Haberlin’s Hellcop – made with Poser
I only just noticed that Brian Haberlin has a new comic, Hellcop. Same style and wild sci-fi as the earlier Sonata and Lighthouse (collected Nov 2021), and I definitely recognise that Poser monowheel, the steampunk rifle etc. So I’m 99% certain the production is still Poser + his usual studio workflow.
Seems to have debuted October 2021 and then raced through the issues, possibly monthly? Hellcop is already in a trade “Vol. 1” which collects issues #1-5, and I see that issue #9 just came out last week. So I’m guessing the title’s second 5-issue story-arc will be finished by the end of the summer. I’m not used to such a fast pace, and often hand-drawn comics issues are glacial in appearing and you wait ages (sometimes years) for an actual concluded story. But I guess that’s what Poser does for you, speeding up production.

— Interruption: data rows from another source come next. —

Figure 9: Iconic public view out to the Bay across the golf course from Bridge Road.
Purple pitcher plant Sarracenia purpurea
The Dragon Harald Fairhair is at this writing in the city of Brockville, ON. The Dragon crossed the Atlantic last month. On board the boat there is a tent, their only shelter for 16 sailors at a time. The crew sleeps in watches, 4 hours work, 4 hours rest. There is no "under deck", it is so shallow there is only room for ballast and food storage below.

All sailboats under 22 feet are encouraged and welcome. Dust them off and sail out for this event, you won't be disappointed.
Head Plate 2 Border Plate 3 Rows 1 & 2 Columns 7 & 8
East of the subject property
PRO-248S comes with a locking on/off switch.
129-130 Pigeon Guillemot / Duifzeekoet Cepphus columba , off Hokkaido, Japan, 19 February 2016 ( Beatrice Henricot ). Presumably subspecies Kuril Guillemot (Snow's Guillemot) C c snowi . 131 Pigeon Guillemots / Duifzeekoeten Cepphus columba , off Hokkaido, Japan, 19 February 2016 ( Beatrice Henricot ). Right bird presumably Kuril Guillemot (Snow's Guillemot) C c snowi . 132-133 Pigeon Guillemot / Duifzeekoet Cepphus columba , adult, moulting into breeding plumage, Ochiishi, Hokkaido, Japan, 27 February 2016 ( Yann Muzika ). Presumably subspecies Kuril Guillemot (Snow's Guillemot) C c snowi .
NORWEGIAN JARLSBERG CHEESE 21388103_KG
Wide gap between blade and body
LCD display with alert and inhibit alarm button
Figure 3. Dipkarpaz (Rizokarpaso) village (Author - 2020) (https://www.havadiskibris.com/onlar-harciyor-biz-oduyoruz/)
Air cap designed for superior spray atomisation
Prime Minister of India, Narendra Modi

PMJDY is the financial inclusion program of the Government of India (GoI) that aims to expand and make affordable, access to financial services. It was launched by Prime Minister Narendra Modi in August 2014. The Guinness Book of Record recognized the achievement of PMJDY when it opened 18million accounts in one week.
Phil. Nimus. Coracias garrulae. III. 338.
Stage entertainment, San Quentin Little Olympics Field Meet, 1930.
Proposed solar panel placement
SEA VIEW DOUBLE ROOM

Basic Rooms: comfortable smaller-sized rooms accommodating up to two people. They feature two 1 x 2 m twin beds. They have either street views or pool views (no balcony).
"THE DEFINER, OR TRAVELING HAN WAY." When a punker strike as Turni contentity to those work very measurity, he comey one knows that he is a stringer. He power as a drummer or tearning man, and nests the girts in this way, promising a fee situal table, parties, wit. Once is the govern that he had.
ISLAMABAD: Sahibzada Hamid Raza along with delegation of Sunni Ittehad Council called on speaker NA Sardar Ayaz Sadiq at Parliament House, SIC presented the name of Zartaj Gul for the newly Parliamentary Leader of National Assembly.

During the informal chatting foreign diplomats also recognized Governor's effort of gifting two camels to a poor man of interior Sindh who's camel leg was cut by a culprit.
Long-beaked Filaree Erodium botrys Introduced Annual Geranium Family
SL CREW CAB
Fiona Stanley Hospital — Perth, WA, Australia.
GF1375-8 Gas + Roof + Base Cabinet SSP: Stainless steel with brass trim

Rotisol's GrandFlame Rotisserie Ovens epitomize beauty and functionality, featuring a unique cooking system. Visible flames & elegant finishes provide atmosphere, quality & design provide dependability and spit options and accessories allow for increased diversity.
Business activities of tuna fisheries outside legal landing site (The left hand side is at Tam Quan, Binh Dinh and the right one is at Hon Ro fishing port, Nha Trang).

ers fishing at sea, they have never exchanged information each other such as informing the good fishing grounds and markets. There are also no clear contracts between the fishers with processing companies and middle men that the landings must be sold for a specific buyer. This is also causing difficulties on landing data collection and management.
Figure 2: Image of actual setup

Disco Elysium wants sci-fi artists
The developers of the latest ‘hot thing’ in art generating AIs, Disco Elysium, are seeking sci-fi artists with a love of outer space. The lads at ZA/UM are at the starting process of making their first game, presumably incorporating AI-gen art elements. The game news site DualShockers and magazine PC Gamer report the game will use Unreal Engine 5 rather than Disco Elysium’s Unity engine, so familiarity with both Unity and Unreal will probably be needed by applicants.
Changes at ShareCG
A new annoying behaviour on the popular freebies site ShareCG today. Once you click “download” the site won’t let you do anything else with it, until the download has completed. Not even click through to another page. So be wary of casually starting a long download, because the rest of the site will then be frozen.
Call: Fantasies Attic
Fantasies Attic has a call for donations of Annual Community Gifts of Poser / DAZ freebies, for release at Halloween and Christmas. Note that pre-release testers are also very welcome.
Launch: Dall.E 2
DALL.E 2. has launched in beta. $15 effectively buys you three or four text prompts per day, across a month. The lucky beta “users get full usage rights to commercialize the images they create”. There’s also a bung for those around the world who can’t afford that… “Artists who are in need of financial assistance will be able to apply for subsidized access.”